TRY IT :: Copying rule for the data below: pictures stay out, and only the lines from the one with "- * Дополнительное" down to the one with "88 SECRET SKIN", inclusive, are repeated exactly.

DATA PROVIDED ::
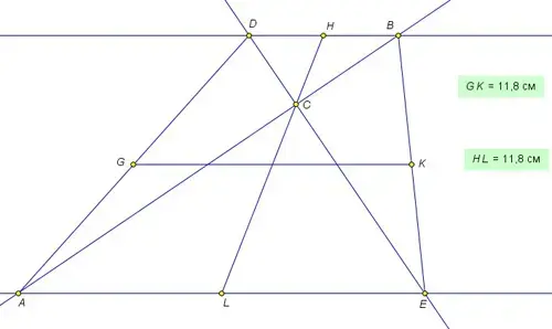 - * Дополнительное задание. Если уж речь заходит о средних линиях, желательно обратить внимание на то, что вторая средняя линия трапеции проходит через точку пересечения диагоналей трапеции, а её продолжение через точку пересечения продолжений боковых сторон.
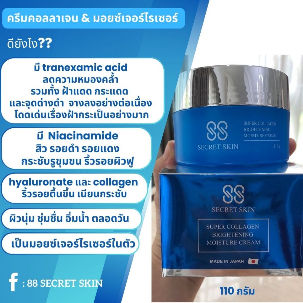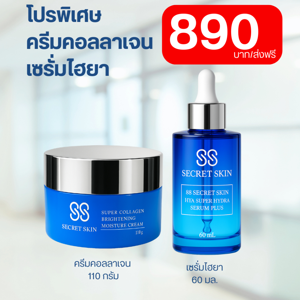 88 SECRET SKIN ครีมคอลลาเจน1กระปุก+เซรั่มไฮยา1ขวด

...

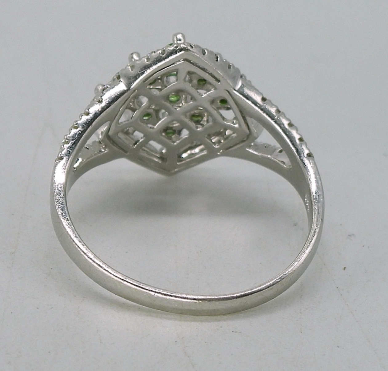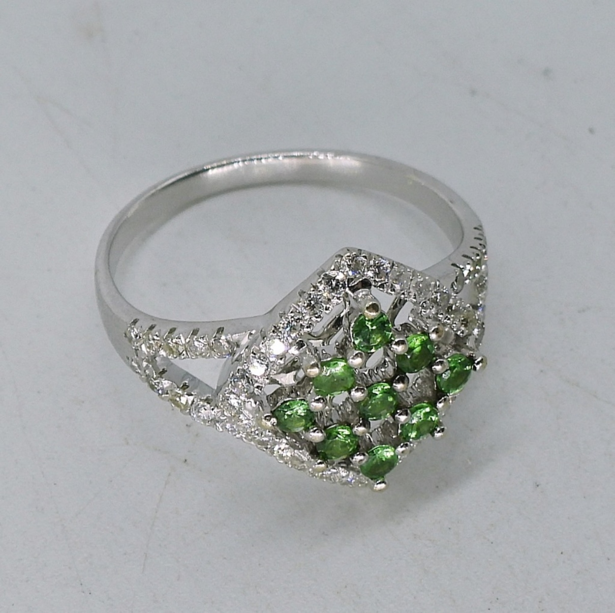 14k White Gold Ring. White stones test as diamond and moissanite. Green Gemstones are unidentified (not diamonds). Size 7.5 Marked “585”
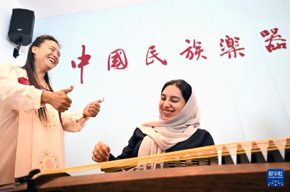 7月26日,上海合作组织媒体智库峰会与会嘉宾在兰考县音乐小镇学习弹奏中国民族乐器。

==

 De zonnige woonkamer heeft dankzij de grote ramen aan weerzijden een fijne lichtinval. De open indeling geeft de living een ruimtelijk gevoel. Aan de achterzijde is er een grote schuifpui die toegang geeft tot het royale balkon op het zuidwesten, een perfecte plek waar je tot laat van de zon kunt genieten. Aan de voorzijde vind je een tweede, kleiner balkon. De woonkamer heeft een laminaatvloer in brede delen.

ANSWER TO THIS PROBLEM ::
 - * Дополнительное задание. Если уж речь заходит о средних линиях, желательно обратить внимание на то, что вторая средняя линия трапеции проходит через точку пересечения диагоналей трапеции, а её продолжение через точку пересечения продолжений боковых сторон.
 88 SECRET SKIN ครีมคอลลาเจน1กระปุก+เซรั่มไฮยา1ขวด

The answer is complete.